Tools Used in Our Setup
- ngrok: Simple tool for creating HTTP tunnels for development use. Best suited for development or testing.
- OpenSSH: Used for reverse proxying via command like
ssh -R. Worked well for production-like environments. - Nginx: Used to handle SSL termination and endpoint routing on the public server.
- Autossh: Maintained persistent SSH tunnels even during intermittent SSH drops.
Security Considerations
While the architectural fix allowed webhooks to pass through to the private server, additional security measures were implemented:
- Mutual TLS (mTLS) between the internal service and the public relay
- Validating HMAC signatures sent by payment providers to ensure payload authenticity
- Firewall rules limiting access to relay server strictly to payment gateways’ known IPs
This not only protected against spoofed requests but ensured compliance with the security policies expected by the payment providers and regulatory bodies.
Challenges Faced
Several non-obvious challenges emerged while transitioning to this architecture:
- Latency: While not significant, introducing another network hop slightly increased latency.
- Monitoring: Visibility into failures had to shift to both the external relay and internal systems.
- Failover: A backup tunnel mechanism was required to ensure uptime in case the primary tunnel failed.
These were mitigated by proactive monitoring, integrating APM tools like Prometheus and Grafana, and deploying multiple relay endpoints in different regions.
Best Practices for Future Deployments
The fix provided lasting stability and reliability. Here are some advice and best practices for others deploying behind VPNs:
- Use public endpoints when dealing with external callbacks
- Keep sensitive processing on private systems behind VPN/firewalls
- Employ tunneling solutions with robust reconnection and encryption
- Always log incoming webhook data for traceability
- Verify requests through HMAC or provided authentication mechanisms
Conclusion
Operating webhook listeners behind a VPN or private environment introduces serious delivery and reliability issues. However, the use of a secure tunneling setup with a public relay endpoint provides a clean, scalable solution. By preserving private network integrity while enabling external communication, this architecture ensures that incoming webhook events arrive securely and consistently, unlocking the real power of event-driven integration with payment providers and beyond.
FAQ
- Why were payment webhooks failing?
- Because the webhook listener was behind a VPN and not accessible from the public internet, payment gateways couldn’t deliver their payloads.
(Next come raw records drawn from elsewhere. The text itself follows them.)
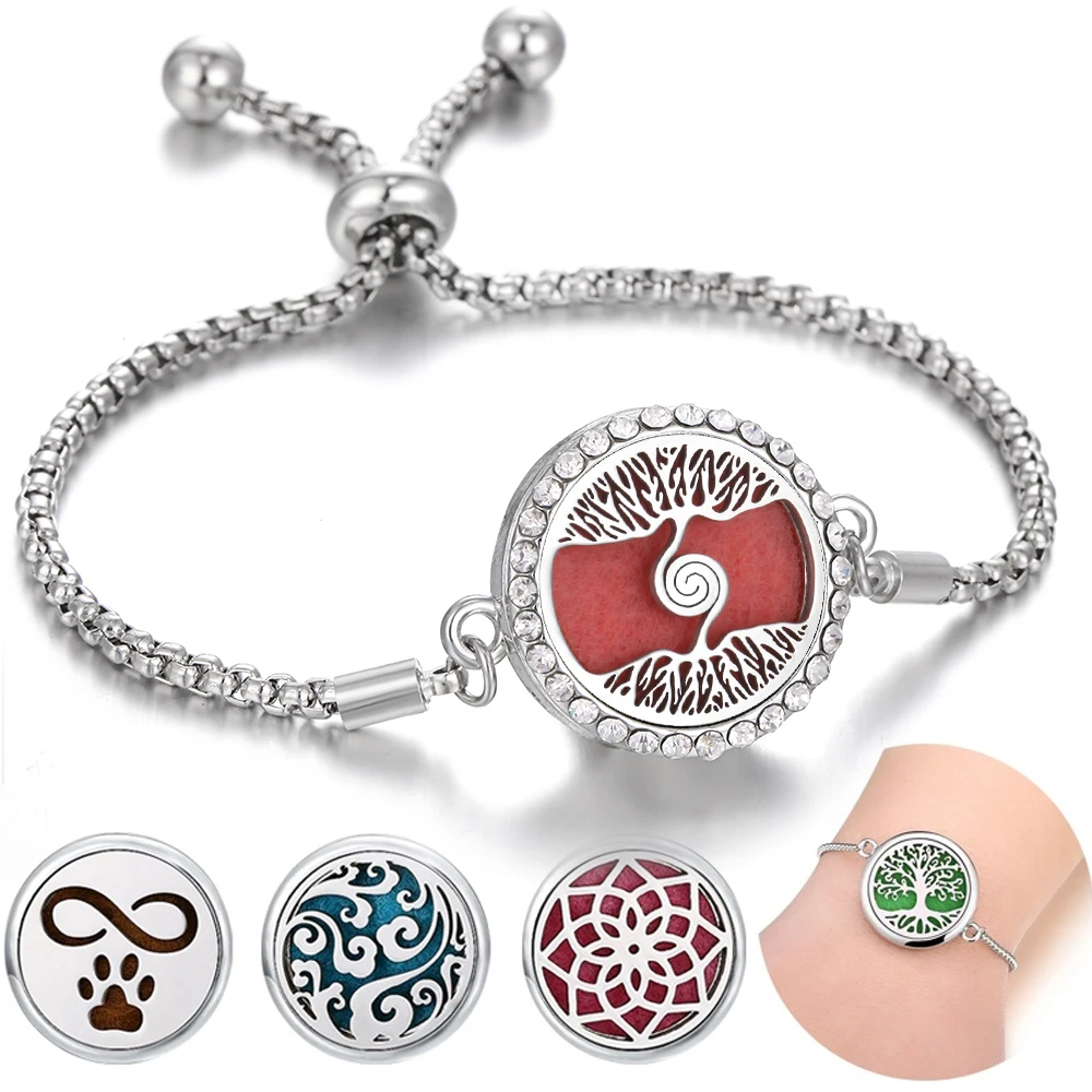 2020 новый браслет для ароматерапии ювелирные изделия с диффузором Регулируемая цепочка хрустальные стразы Древо жизни Арома духи медальон браслет
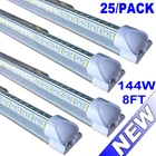 FAST DELIVERY - Ship from New Jersey or Los Angeles Warehouse via FedEx , 3-7 Days Delivered Your Door . SCIENTIFIC DESIGN - 8Ft LED Shop Lights Fixture is Made of 6500K Cold White SMD2835 LED Chip ,Plastic Clear Cover , Aluminum Bracket Housing ,and AC85-277V Constant Current Driver . It can work in -68F to 120F Temperature Conditions EASY INSTALLATION - The Integrated Tube Fixture Can be Install on Wall or Ceiling ,Easily Replace Traditional Fluorescent Tube Bulb . Plug and Play , Free Accessories (Power Cords, Connector , Extension Cords , Clip and Screw ) Come with Tube Lights Together WIDE APPLICATION - Linkable 8Ft Bulbs Widely Used in Garage Ceiling , Barbershop , Schools, Hospitals Basement , Factory Warehouses , Supermarkets Cooler Door , Offices, Shops,Hotels, etc 144w 8 foot led shop lights led Strip Lights 25PC Tube Light led hotel Lights FAST DELIVERY - Ship from New Jersey or Los Angeles Warehouse via FedEx , 3-7 Days Delivered Your Door . SCIENTIFIC DESIGN - 8Ft LED Shop Lights Fixture is Made of 6500K Cold White SMD2835 LED Chip ,Plastic Clear Cover , Aluminum Bracket Housing ,and AC85-277V Constant Current Driver . It can work in -68F to 120F Temperature Conditions EASY INSTALLATION - The Integrated Tube Fixture Can be Install on Wall or Ceiling ,Easily Replace Traditional Fluorescent Tube Bulb . Plug and Play , Free Accessories (Power Cords, Connector , Extension Cords , Clip and Screw ) Come with Tube Lights Together WIDE APPLICATION - Linkable 8Ft Bulbs Widely Used in Garage Ceiling , Barbershop , Schools, Hospitals Basement , Factory Warehouses , Supermarkets Cooler Door , Offices, Shops,Hotels, etc
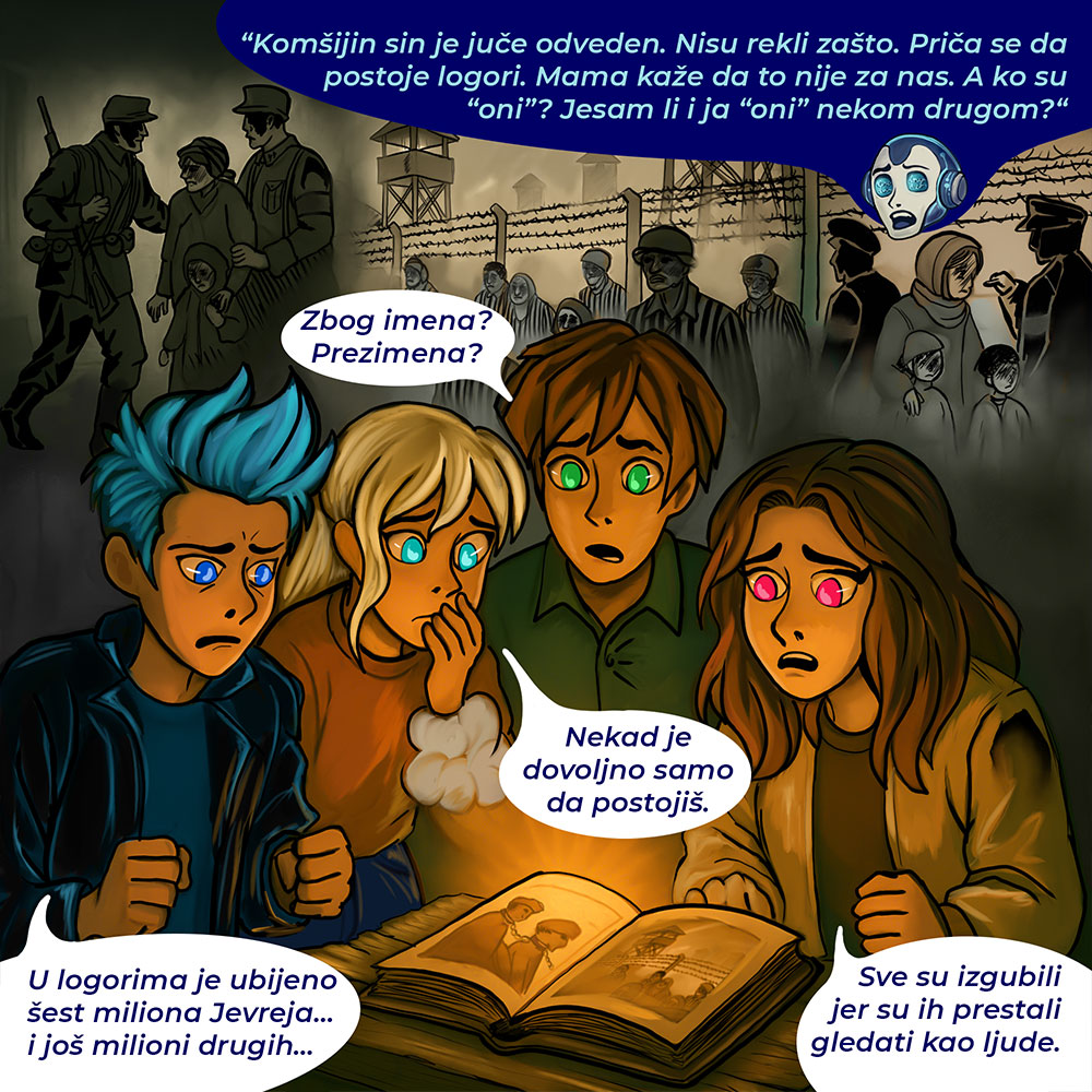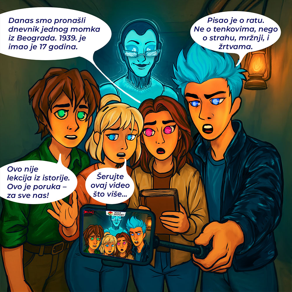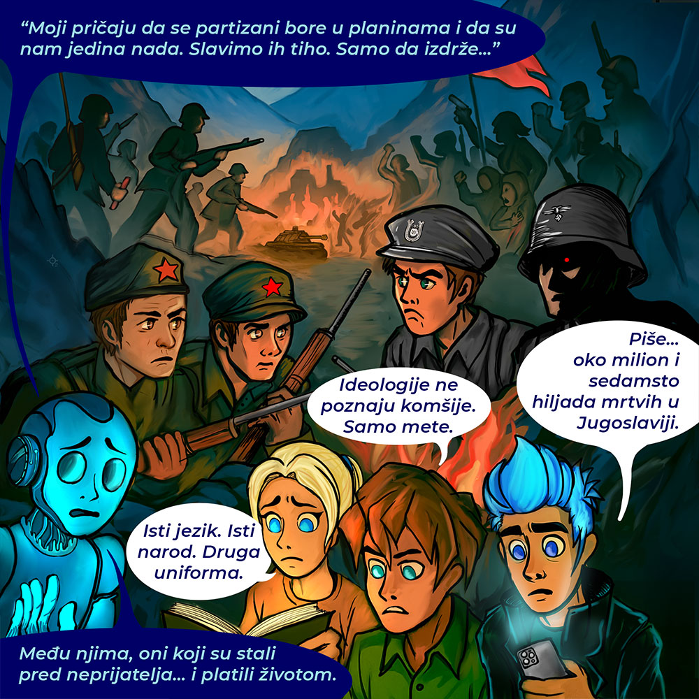 U ovom stripu, naši učenici prate tanku nit solidarnosti koja se provlačila kroz najmračnije trenutke istorije. Izvan naslova o ratovima i granicama, oni otkrivaju priče o uzajamnoj pomoći i zajedničkoj ljudskosti koje su prevazilazile nacionalne i ideološke podele. Ali, da li je solidarnost prirodni ljudski instinkt ili krhki izbor koji moramo iznova donositi? Možemo li ponovo otkriti snagu zajedništva u svetu koji nas često uči da smo ostavljeni sami sebi?
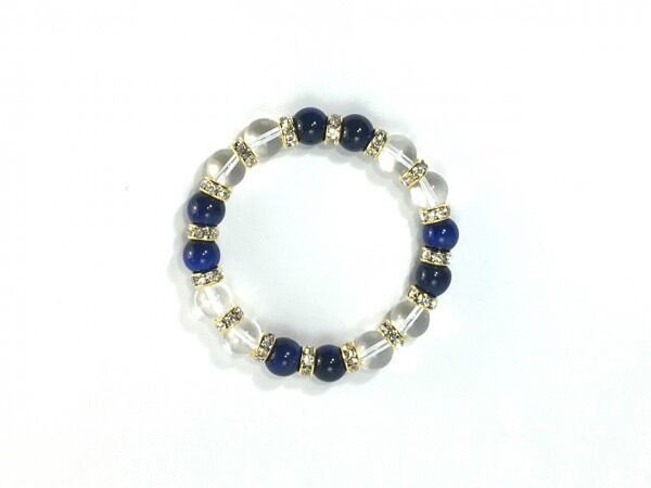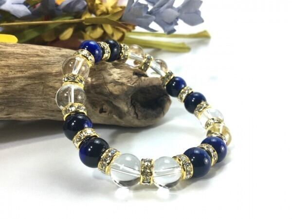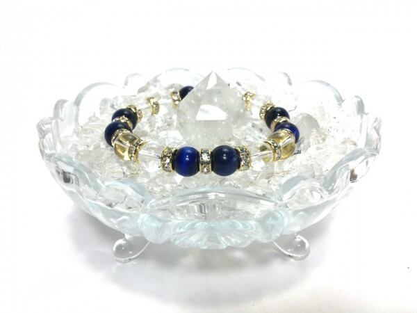 こちらは、ブルータイガーアイと水晶を組み合わせたブレスレットです。間にはロンデルを挟み高級感あるデザインに仕上がっています。石大きさは腕にも馴染みやすいように10mm玉で内周約16cm(伸可能)です。数に限りがございますので気になる方はお早めにどうぞ。

- Why not expose the internal server directly?
- Security concerns often prevent directly exposing back-end servers. Services behind VPNs typically host sensitive business logic or data.
- What is a public relay?
- A public relay is a server with a public IP that receives requests on behalf of your internal server and forwards them over a safe tunnel.
- Can this setup scale for production use?
- Yes, with robust tools like SSH reverse tunnels or commercial tunnel services, this architecture can scale, especially when paired with logging and monitoring.
- Is using ngrok safe for production?
- Not recommended for production. It’s great for testing but can be rate limited or less secure in long-running deployments.
- What are some secure alternatives to ngrok?
- Options like self-hosted frp (Fast Reverse Proxy), OpenSSH with autossh, or dedicated reverse proxies on cloud infrastructure are more secure and reliable.